Don't correct for multiple comparisons. Each comparison stands alone.

If you choose this approach, Prism will perform Fisher's Least Significant Difference (LSD) test.  

This approach (Fisher's LSD) has much more power to detect differences. But it is more likely to falsely conclude that a difference is statistically significant. When you correct for multiple comparisons (which Fisher's LSD does not do), the significance threshold (usually 5% or 0.05) applies to the entire family of comparisons. With Fisher's LSD, that threshold applies separately to each comparison.

Only use the Fisher's LSD approach if you have a very good reason, and are careful to explain what you did when you report the results.

Multiple comparisons options

Swap direction of comparisons

The only affect of this option is to change the sign of all reported differences between means. A difference of 2.3 will be -2.3 if the option is checked. A difference of -3.4 will be 3.4 if you check the option. It is purely a personal preference that depends on how you think about the data.

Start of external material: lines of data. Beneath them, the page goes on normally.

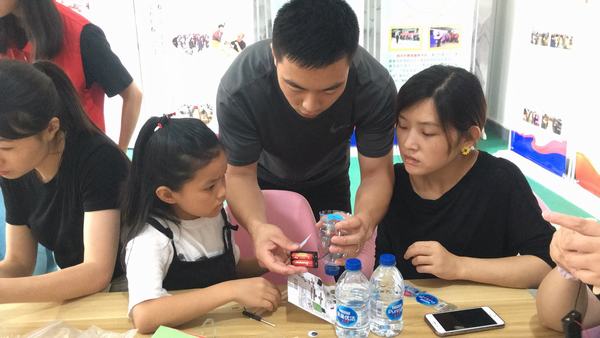 在“變廢為寶”手工制作中,孩子們在老師的帶領(lǐng)下制作“紙屑吸塵器”,老師先給孩子們進(jìn)行了示范,接著孩子們就迫不及待地嘗試起來,在一個(gè)礦泉水瓶上裝上一個(gè)小電機(jī)、一個(gè)小扇葉、二節(jié)電池,過程看似簡單,但操作過程中還是需要膽大心細(xì),經(jīng)過努力,一只只吸塵器終于誕生了,孩子們個(gè)個(gè)樂得眉飛色舞。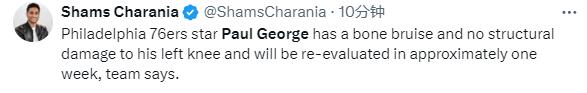 360直播讯北京时间10月16日,76人球星保罗-乔治的膝伤核磁检查结果出炉,据名记shams报道,费城 76 人队表示,保罗-乔治左膝骨挫伤,没有结构性损伤,将在大约一周后重新接受评估。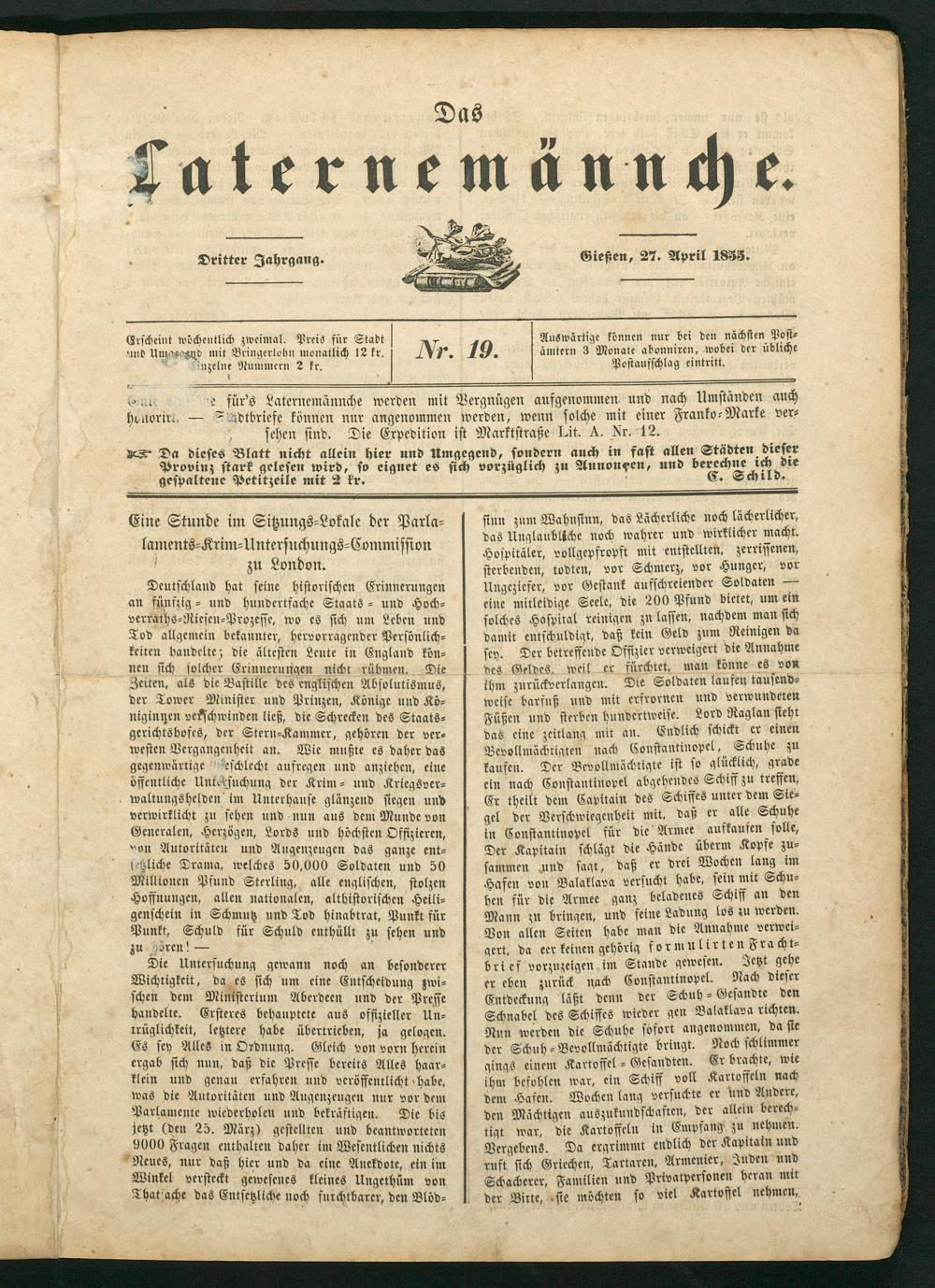 gert, da eer keinen gehörig for mu lürten Gra ch t⸗ brief vorzuzeigen im Stande gewesen. Jetzt gehe er eben zurück nach Constantinopel. Nach dieser Entdeckung läßt denn der Schuh⸗Gesandte den Schnabel des Schiffes wieder gen Balaklava richten. Nun werden die Schuhe sofort angenommen, da sie der Schuh- Bevollmächtigte bringt. Noch schlimmer gings einem Kartoffel ⸗ Gesandten. Er brachte, wie ihm befohlen war, ein Schiff voll Kartoffeln nach dem Hafen. Wochen lang versuchte er und Andere, den Mächtigen auszukundschaften, der allein berech⸗ tigt war, die Kartoffeln in Empfang, zu nehmen. Vergebens. Da ergrimmt endlich der Kapitaln und ruft sich Griechen, Tartaren, Armenier, Juden und Schacherer, Familien und Privatpersonen heran mit der Bitte, sie möchten so viel Kartoffel nehmen,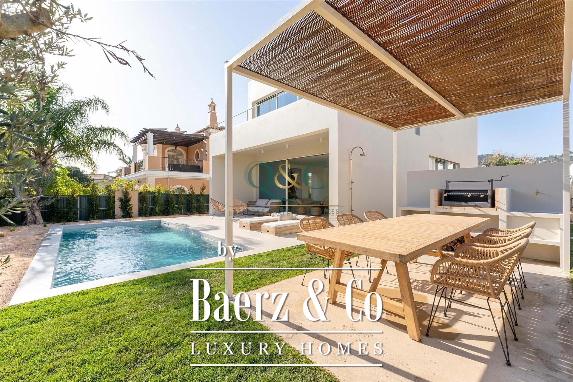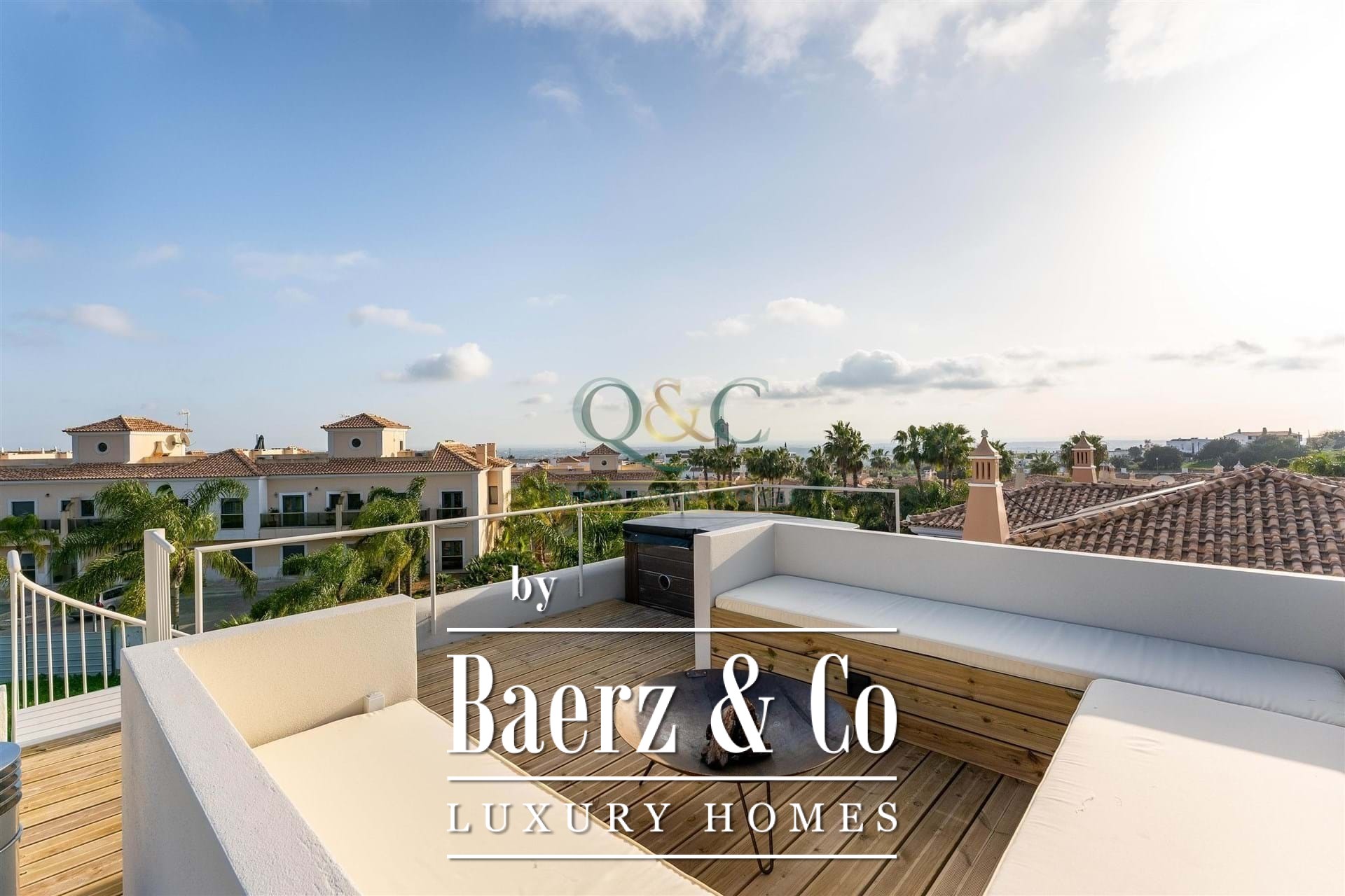 The main living spaces open directly onto sun terraces, private garden, and a swimming pool bordered by dedicated outdoor dining and barbecue areas. A rooftop terrace offers sweeping sea views and a comfortable seating area around a fire pit, ideal for enjoying the Algarve’s quiet sunsets. The lower ground floor encompasses a generous basement and an enclosed garage, providing flexibility for use as a leisure room, gym, cinema, or additional accommodation.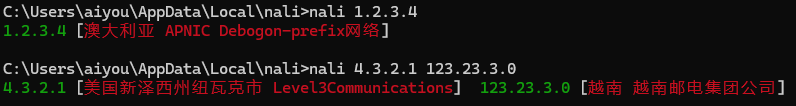 $ nali 1.2.3.4 4.3.2.1 123.23.3.01.2.3.4 [澳大利亚 APNIC Debogon-prefix网络]4.3.2.1 [美国 新泽西州纽瓦克市Level3Communications]123.23.3.0 [越南 越南邮电集团公司]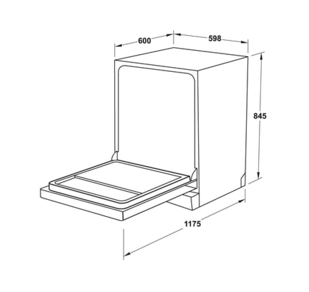 | Kích thước sản phẩm: 598R x (600-1175)S x 845C mm |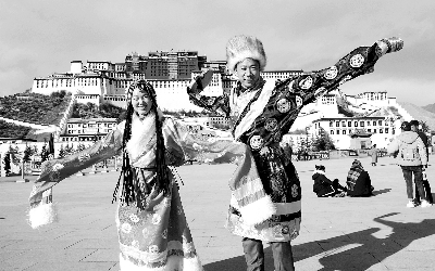 图为两名内地游客在布达拉宫广场前,穿着藏装留影。

Report multiplicity adjusted P value for each comparison

If you choose the Bonferroni, Tukey or Dunnett multiple comparisons test, Prism can also report multiplicity adjusted P values. If you check this option, Prism reports an adjusted P value for each comparison. These calculations take into account not only the two groups being compared, but the total number groups (data set columns) in the ANOVA, and the data in all the groups.

The multiplicity adjusted P value is the smallest significance threshold (alpha) for the entire family of comparisons at which a particular comparison would be (just barely) declared to be "statistically significant".

Until recently, multiplicity adjusted P values have not been commonly reported. If you choose to ask Prism to compute these values, take the time to be sure  you understand what they mean. If you include these values in publications or presentations, be sure to explain what they are.

Confidence and significance level (or desired FDR)

By tradition, confidence intervals are computed for 95% confidence and statistical significance is defined using an alpha of 0.05. Prism lets you choose other values. If you choose to control the FDR, select a value for Q (in percent). If you set Q to 5%, you expect up to 5% of the "discoveries" to be false positives.



1.SA Glantz,  Primer of Biostatistics, sixth edition, ISBN= 978-0071435093.

2.MA Seaman, JR Levin and RC Serlin, Psychological Bulletin 110:577-586, 1991.